The IU Outcome (ABCD) Study

The authors describe their study as the first single-site, placebo-controlled, randomized clinical trial. With the intention of exploring methods to improve the accessibility and affordability of hearing health care, they compared outcomes for 3 groups of subjects:

  • Group AB followed audiology best practices;
  • Group CD self-selected (consumer decides) their hearing aid without professional input;
  • Group P was a placebo group fit in the same manner as group AB, except their hearing aids were programmed to provide no acoustic benefit (ie, an “acoustically transparent” fitting).

To evaluate the effect of purchase price, half of the subjects paid $3,600 and half paid $600 for their pair of hearing aids. A total of 154 subjects completed at least a 6-week trial.

All groups had complete hearing evaluations at the outset of the study. All subjects in this study used as their hearing devices GN Resound Alera 9 mini BTE, open-fit hearing aids, described as “high-end, digital, mini-behind-the-ear hearing aids.” Group AB hearing aids were fit binaurally and programmed for real-ear output matched to NAL NL2 targets; Group P hearing aids were fit binaurally and programmed for transparent insertion gain. Both of these groups were provided the same hour-long orientation session. Group CD selected among choices of hearing aids programmed for three common audiograms. They chose their own tube lengths and domes, and instructions were provided via a video and printed material. No routine follow-up visits were scheduled for any group.

At the end of the initial 6-week period, outcome measures were completed for all groups, and all subjects were asked to declare their intention to keep or return the trial hearing aids.

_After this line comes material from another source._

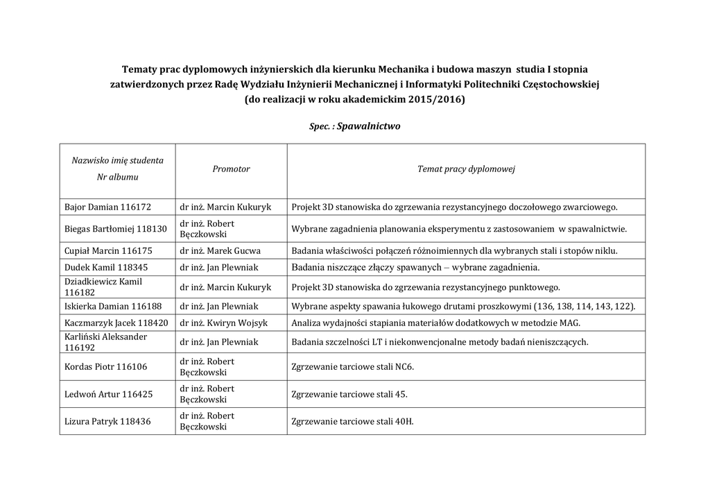 Tematy prac dyplomowych inżynierskich dla kierunku Mechanika i budowa maszyn studia I stopnia zatwierdzonych przez Radę Wydziału Inżynierii Mechanicznej i Informatyki Politechniki Częstochowskiej (do realizacji w roku akademickim 2015/2016) Spec. : Spawalnictwo Nazwisko imię studenta Nr albumu Promotor Temat pracy dyplomowej Bajor Damian 116172 dr inż. Marcin Kukuryk Projekt 3D stanowiska do zgrzewania rezystancyjnego doczołowego zwarciowego. Biegas Bartłomiej 118130 dr inż. Robert Bęczkowski Wybrane zagadnienia planowania eksperymentu z zastosowaniem w spawalnictwie. Cupiał Marcin 116175 dr inż. Marek Gucwa Badania właściwości połączeń różnoimiennych dla wybranych stali i stopów niklu. Dudek Kamil 118345 dr inż. Jan Plewniak Badania niszczące złączy spawanych – wybrane zagadnienia. dr inż. Marcin Kukuryk Projekt 3D stanowiska do zgrzewania rezystancyjnego punktowego. dr inż. Jan Plewniak Wybrane aspekty spawania łukowego drutami proszkowymi (136, 138, 114, 143, 122). dr inż. Kwiryn Wojsyk Analiza wydajności stapiania materiałów dodatkowych w metodzie MAG. dr inż. Jan Plewniak Badania szczelności LT i niekonwencjonalne metody badań nieniszczących. Kordas Piotr 116106 dr inż. Robert Bęczkowski Zgrzewanie tarciowe stali NC6. Ledwoń Artur 116425 dr inż. Robert Bęczkowski Zgrzewanie tarciowe stali 45. Lizura Patryk 118436 dr inż. Robert Bęczkowski Zgrzewanie tarciowe stali 40H. Dziadkiewicz Kamil 116182 Iskierka Damian 116188 Kaczmarzyk Jacek 118420 Karliński Aleksander 116192 Macherzyński Michał 116206 Mierzejewski Łukasz 118414 dr inż. Kwiryn Wojsyk Charakterystyka spoin pachwinowych wykonywanych w różnych pozycjach metodą 135. dr inż. Kwiryn Wojsyk Technologia niskoodkształceniowego spawania wybranych naczep samochodowych. Murawski Adam 118087 dr inż. Robert Bęczkowski Analiza spawania drutem proszkowym z rdzeniem metalicznym. Nabiałek Mateusz 116211 dr inż. Robert Bęczkowski Wykorzystanie spawania laserowego. Psuj Patryk 116216 dr inż. Marek Gucwa Analiza właściwości połączeń ze stali nierdzewnych wykonanych metodami niskoenergetycznymi. Skrobarczyk Łukasz 116222 dr inż. Robert Bęczkowski Wymagania norm serii PN EN 1090 stawiane procesom cięcia termicznego w ujęciu praktycznym. Wróbel Piotr 111833 dr inż. Marek Gucwa Charakterystyka złączy ze stali walcowanych termomechanicznie. Zyzik Dariusz 116239 dr inż. Marek Gucwa Analiza właściwości warstw napawanych przetapianych metodą TIG.

Subjects were informed of their group assignment and given the option of an additional 4-5 week trial. Those who continued were provided the same services as Group AB. The CD group was provided hearing aid orientation and their hearing aids were programmed to NL2 targets. Group P, which had previously received a hearing aid orientation, had their hearing aids reprogrammed to NL2 targets.

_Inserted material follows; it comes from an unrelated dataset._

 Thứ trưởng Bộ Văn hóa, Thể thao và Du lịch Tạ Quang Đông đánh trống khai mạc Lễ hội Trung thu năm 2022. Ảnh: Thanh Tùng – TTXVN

The Profile of Hearing Aid Benefit (PHAB) was the primary outcome measure and the Connected Speech Test (CST) was the secondary outcome measure, among several others. The results of the primary measures were not significantly different for Group AB and Group CD. However, both of these groups performed significantly better than Group P. Group AB and P outperformed Group CD on the measures that reflected pretrial training (HASShas; HASSdisp; PHAST). All groups wore their hearing aids 6-7 hours per day. When asked if they planned to keep their hearing aids, responses were substantially different among groups with 81% of Group AB, 55% of Group CD, and 36% of Group P stating they planned to keep their hearing aids.

All hearing aids were thoroughly checked at the end of the first 6-week trial. Many problems were noted, including 88% with twisted or kinked tubing. These problems resulted in less audibility as reflected by comparison of pre-fitting and post-trial 2cc coupler measures of the Speech Intelligibility Index (SII). After all problems were corrected, the added services were provided and the extended trial period began.

Performance for both Groups CD and P improved significantly and were then equivalent to Group AB. In the end, 134 of 154 (87%) of the subjects kept their hearing aids. Despite the improvement after the additional services and trial, the authors felt that the outcomes for the CD group were efficacious and support the use of an OTC model for at least some adults. Purchase price was not found to be a significant factor in the outcomes. However, of those returning their hearing aids, 85% paid the higher price for the hearing aids.

Limitations of the IU Study

The authors describe several limitations of the IU study. They caution that the findings are specific to their unique sample and should not be generalized. It is possible that the casual reader or someone with an agenda to promote the OTC delivery model may not fully embrace these cautions. The most important limitations—which the authors carefully acknowledged—are specifically:

Subjects. The IU report acknowledged they used a sample consisting of white, highly-educated people with a median annual household income greater than $45,000. Most remarkable is that 78% had a college degree and the median education was a masters degree. According to a 2015 US Bureau of the Census report,3 for adults aged 45-64 years and 65 years or older, 32% and 26.7% had at least a bachelors degree and 12.1% and 11.3% had an advanced degree, respectively. It seems likely that the high level of education of the subjects may have influenced outcomes, especially for Group CD. More educated individuals would be expected to be better at independent learning from available instructional materials and applying this to solving their own fitting problems.

Hearing aids. All subjects were fit with GN Resound Alera 9 mini BTE hearing aids, considered a high-end device at the time of this study. The IU authors recognized that this may not be representative of OTC hearing aids. In defense of their choice, they refer to previous research which has failed to show a difference in outcomes with a wide range of technologies.4-6 However, these comparisons were made among FDA-approved products manufactured reliably according to specifications.

There is not currently a class of OTC hearing aids; there is a class of personal sound amplification products, or PSAPs, which arguably are hearing aids by another name. There have been two recent articles that evaluated the wide range of PSAP products available in terms of electroacoustic characteristics, cost, and quality.7,8 The differences among these products are very large with few, if any, having the capabilities of the Alera 9. These PSAPs are probably more typical of the type of device that will be available OTC. Adequate gain, wide bandwidth, suitable compression, safe output limiting, low distortion, and effective feedback management are critical characteristics of any hearing aid technology. These features are available on most current digital hearing aids, regardless of level of technology. Will these characteristics be present on the future generation of OTC devices?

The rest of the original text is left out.